The title says it all - I want to save a pytorch model in an s3 bucket. What I tried was the following:

import boto3

s3 = boto3.client('s3')
saved_model = model.to_json()
output_model_file = output_folder + "pytorch_model.json"
s3.put_object(Bucket="power-plant-embeddings", Key=output_model_file, Body=saved_model)

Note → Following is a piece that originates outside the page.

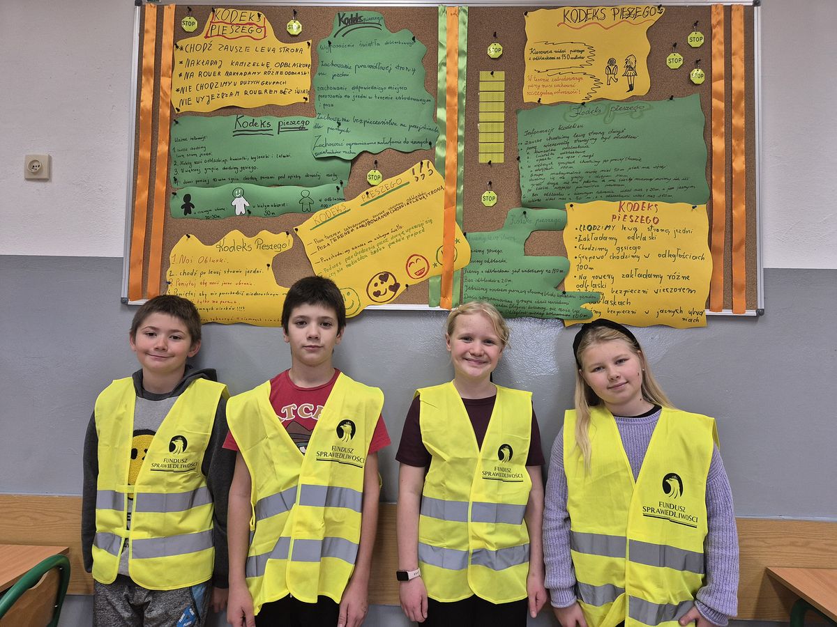 Uczniowie klasy V, w ramach działań akcji „Odblaskowa szkoła”2025, przygotowali gazetkę ścienną z zasadami poruszania się pieszych uczestników ruchu. „Odblaskowe kodeksy pieszych” pomagali tworzyć uczniom ich dziadkowie podczas wcześniejszego spotkania. Następnie uczniowie uporządkowali zebrane materiały, wyselekcjonowali najistotniejsze treści i opracowali przystępną formę zaprezentowania wspólnej pracy. Efektem było przypomnienie zasad poruszania się podczas pieszych wędrówek i zachęcenie do noszenia elementów odblaskowych.

Unfortunately this doesn't work, as .to_json() only works for tensorflow models. Does anyone know how to do it in pytorch?

desertnaut
  • 57,590
  • 26
  • 140
  • 166
spadel
  • 998
  • 2
  • 16
  • 40

4 Answers4

7

Try serializing model to a buffer and write it to S3:

buffer = io.BytesIO()
torch.save(model, buffer)
s3.put_object(Bucket="power-plant-embeddings", Key=output_model_file, Body=buffer.getvalue())
igrinis
  • 12,398
  • 20
  • 45
  • One question though: What will be the file type of the model in this case and how should I name it (in the example I give I used .json but that is problem wrong here) – spadel Feb 18 '21 at 08:10
  • This would be a binary file containing the `pytorch` model. You can call it "model.bin" or "model.pt", it is not really matters. You can later download the file locally and load it through the `model = torch.load(path_to_local_file)` – igrinis Feb 18 '21 at 09:20
  • Is there a way to directly load model from S3 (without downloading the file locally)? I am developing by connecting from local notebook to remote kernel. I would like to try best to avoid interacting with file system on remote host. – panc Apr 26 '22 at 20:08
  • Sure, just the other way around. Get `boto3` file object, pass it to the model loading function instead of the "regular" file handler/name. See [this question](https://stackoverflow.com/questions/37087203/retrieve-s3-file-as-object-instead-of-downloading-to-absolute-system-path) for example, just use `BytesIO ` instead of `StringIO` – igrinis Apr 27 '22 at 05:25
2
  1. First step it's to serialize your model to the file. There are many ways to do it, with basic PyTorch library you do it with out of box tools:
    #Serialize entire Model to the 
    torch.save(the_model, 'you/path/to/model')
  1. Once you have it on disk, you can then upload to S3.
    s3 = boto3.resource('s3')    
    s3.Bucket('bucketname').upload_file('you/path/to/model', 'folder/sub/path/to/s3key')
  1. Later you can simple download and serialize back to the Model.
    s3 = boto3.resource('s3')   
 
    s3.Bucket('bucketname').download_file(
        'folder/sub/path/to/s3key', 
         'you/path/to/model'
    )

    the_model = torch.load(PATH)
GensaGames
  • 5,538
  • 4
  • 24
  • 53
  • Thanks for the answer - is there any way to save the model in the s3 bucket without saving it locally first? – spadel Feb 15 '21 at 18:00
  • @spadel yes, you can transfer binary directly to S3. The problem over here is your serialization of model to binary, and if it's supported by PyToch exporter. – GensaGames Feb 15 '21 at 20:05
1

To expand a bit on the previous answers: there are two different guidelines in the PyTorch documentation on how to save a model, based on what you want to do with it later when you load it again.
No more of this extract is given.